On étoit si unanimement convaincu que la toutepuissance du divin instituteur avoit placé le corps dans une seule des deux espèces, qu'on céda sans

contradiction aux considérations justes et raisonnables qui firent prévaloir peu à peu l'usage de ne donner la communion aux laïques que sous l'espèce du pain.

La crainte qu'on eut de répandre le précieux sang au milieu d'une multitude qui s'approchoit de la sainte table avec un empressement qui n'étoit pas exempt de confusion, surtout dans les grandes fêtes, fut probablement le premier motif qui détermina cette espèce de changement dans le rit eucharistique.

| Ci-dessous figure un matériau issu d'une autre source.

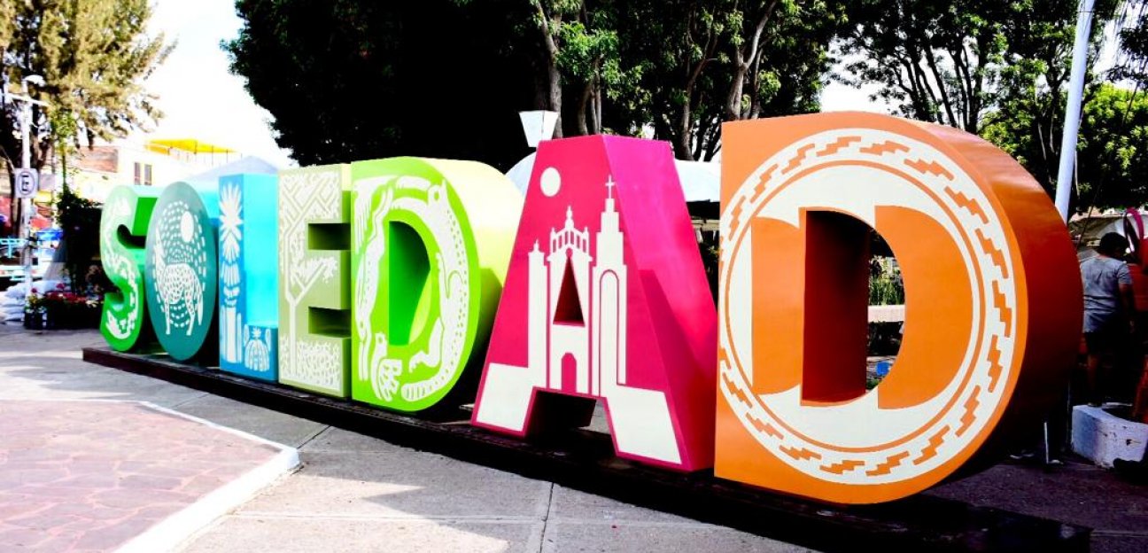 Las letras que forman la palabra “Soledad” son de distintos y vistosos colores, con figuras en blanco de imágenes que representan algunos aspectos de nuestra riqueza cultural como sus monumentos, flora y fauna.
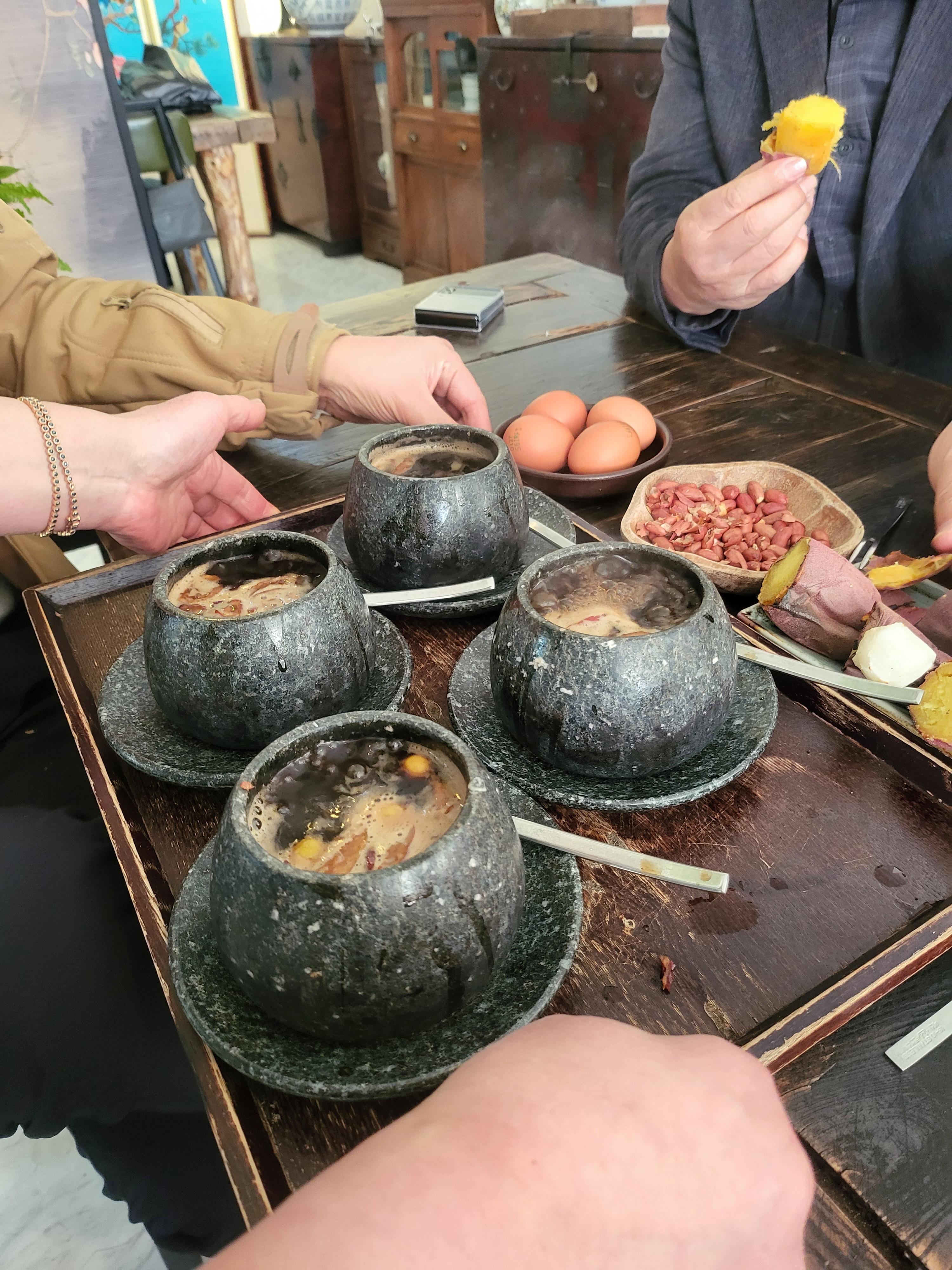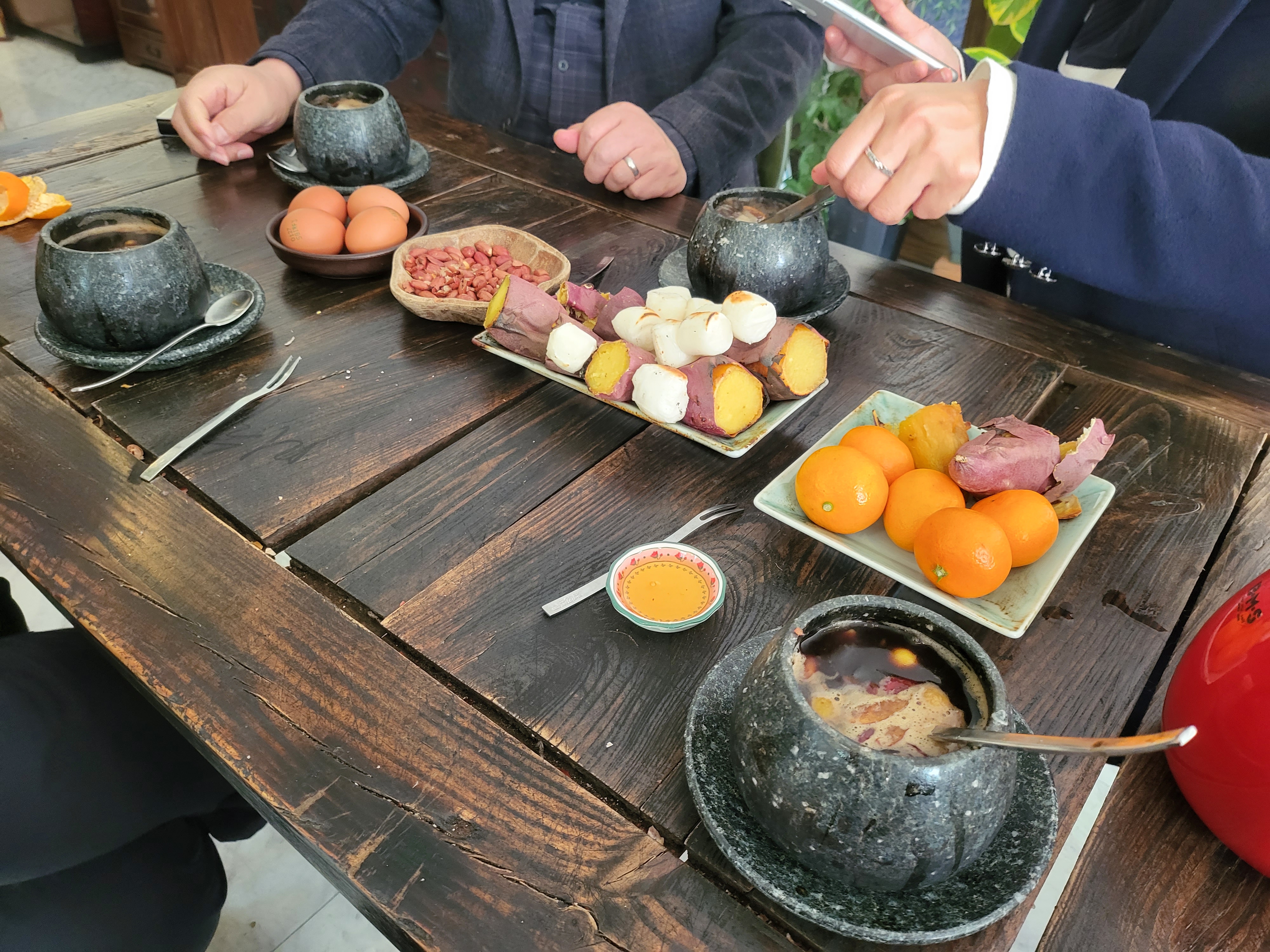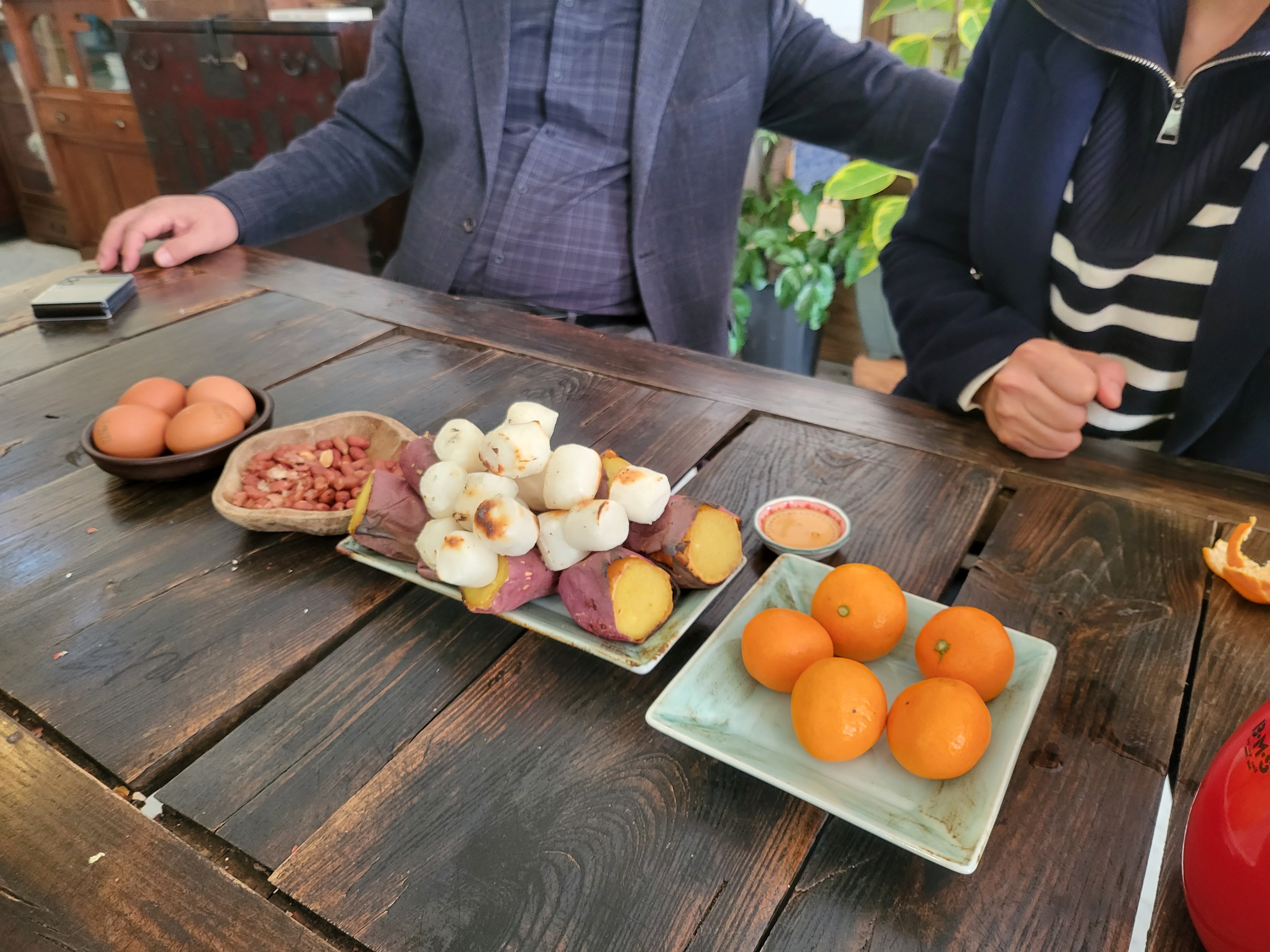 저 계란은 쌍화차 특징하는 그 날계란 아닌가 해서 나중에 우리 테이블에 나왔을 적에 저 계란 두들겨 깨서 넣으려 했더니 맥반석 삶은 계란이라 해서 머쓱했다.

Il y avoit plusieurs siècles que les laïques ne communioient que sous une seule espèce, quand les Bohémiens s'avisèrent de réclamer contre cette coutume.

On ne voit pas même que Wiclef, quelque téméraire qu'il fût, en ait fait un sujet de reproche contre l'Eglise romaine.

Ce fut un maître d'école de Prague, nommé Pierre Dresde, qui le premier remua cette question. Il fut suivi de Jean Hus au commencement du quinzième siècle.

Encore doit-on remarquer que Jean Hus n'osa pas dire d'abord que la communion sous les deux espèces fût nécessaire; il lui suffisoit qu'on avouât qu'il étoit permis et expédient de la donner; mais il n'en déterminoit pas la nécessité; tant il étoit établi qu'il n'y en avoit aucune.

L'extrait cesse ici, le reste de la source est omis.